Uncategorized

Labor Dept. Appeals Judge’s Ban on OT Expansion

12.5.16dolphoto.jpg

Fighting to keep one of the Obama administration’s top pro-worker initiatives alive, the U.S. Department of Labor (DOL) announced late last week it would appeal a Texas federal judge’s ban on DOL’s expansion of worker eligibility for overtime pay.

But DOL’s appeal, to the Fifth Circuit Court of Appeals in New Orleans, faces a race against the clock. Unless that appeals court hears the case before President Obama leaves office Jan. 20, the incoming DOL leadership may decide to drop it.

Doing so would strip upwards of 12.5 million workers nationwide of eligibility for a raise, via overtime pay, they otherwise would have been in line for. The rule had been scheduled to take effect on Dec. 1. The judge’s ban stalled the rule. DOL’s overtime pay rule more than doubled the salary above which a worker was ineligible for overtime, from the Bush-era $23,665 to $47,476.

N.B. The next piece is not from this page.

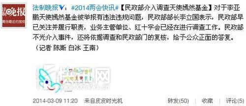 对于李亚鹏天使嫣然基金被举报有违法违规问题,民政部部长李立国表示,民政部早已关注并履行职责,业务主管单位、红十字会已经在进行调查工作。民政部不光介入事件,还将依据调查和民政部门的复核,给予公众正面的答复。

 More importantly, DOL redefined the group of exempt executive, administrative and professional workers who couldn’t get overtime, regardless of their pay level. Bush had expanded it so much that even newspaper editorial assistants couldn’t get overtime pay.   

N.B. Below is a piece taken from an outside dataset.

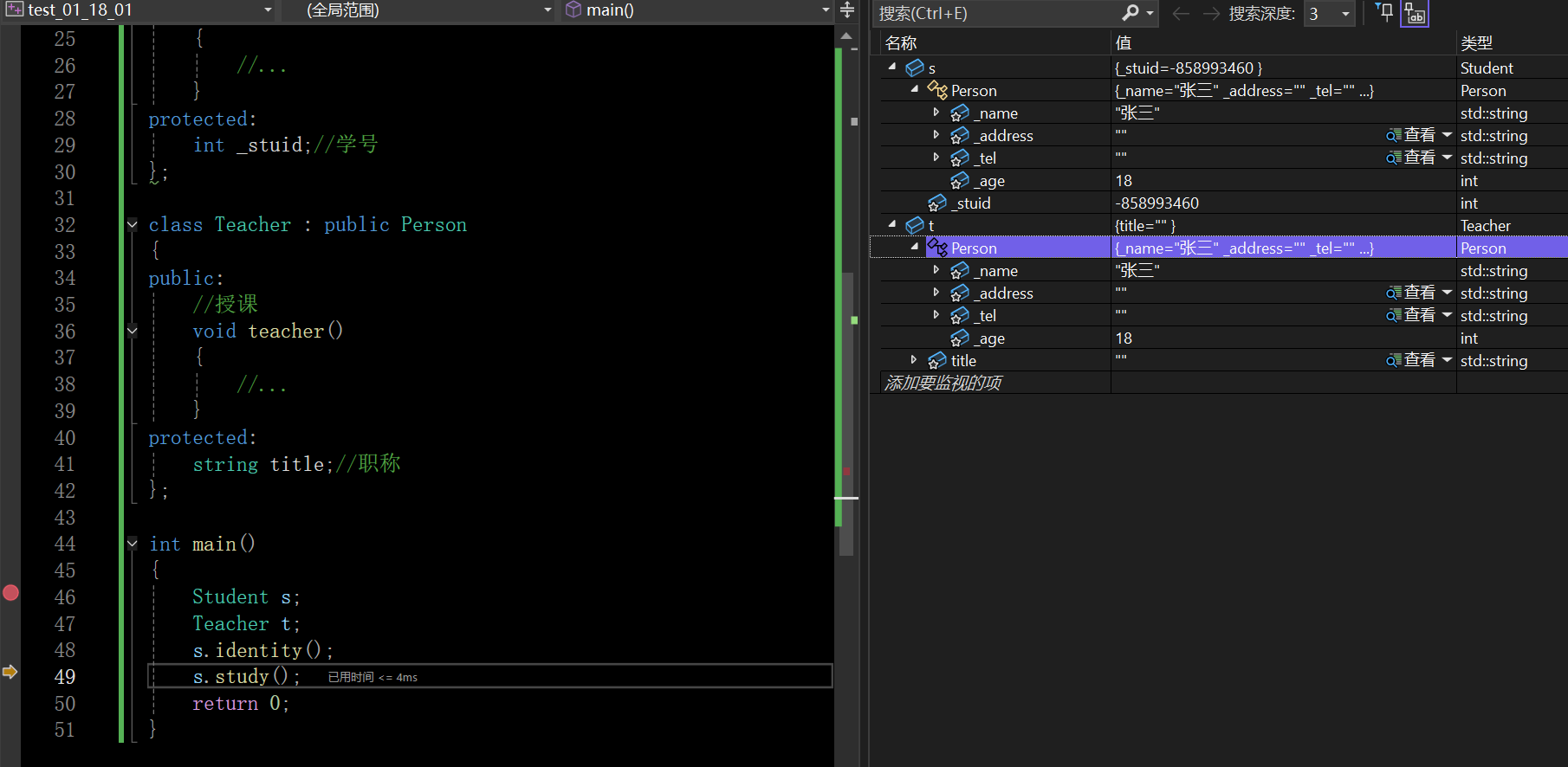 下面的Person是基类,也称作父类。Student是派生类,也称作子类。(因为翻译的原因,所以既叫基类/派生类,也叫父类/子类)

“The department strongly disagrees with the decision by the court,” DOL said in announcing the appeal. The department’s Overtime Final Rule is the result of a comprehensive, inclusive rule-making process, and we remain confident in the legality of all aspects of the rule. 

Accepting the arguments of business lobbies, U.S. District Judge Amos Mazzant said, in so many words, that DOL overstepped its authority. DOL said it will particularly challenge that part of his ruling, which he extended nationwide. Texas, Nevada, other GOP-run states and the lobbies had sued in Mazzant’s court in Sherman, Texas, to stop the overtime rule. 

“The rule updated the standard salary level and provided a method to keep” it current to help better carry out “Congress’s intent to exempt bona fide white collar workers from overtime protections. The department always recognized the salary level test works in tandem with the duties tests to identify bona fide EAP employees” and ban them from overtime, DOL added.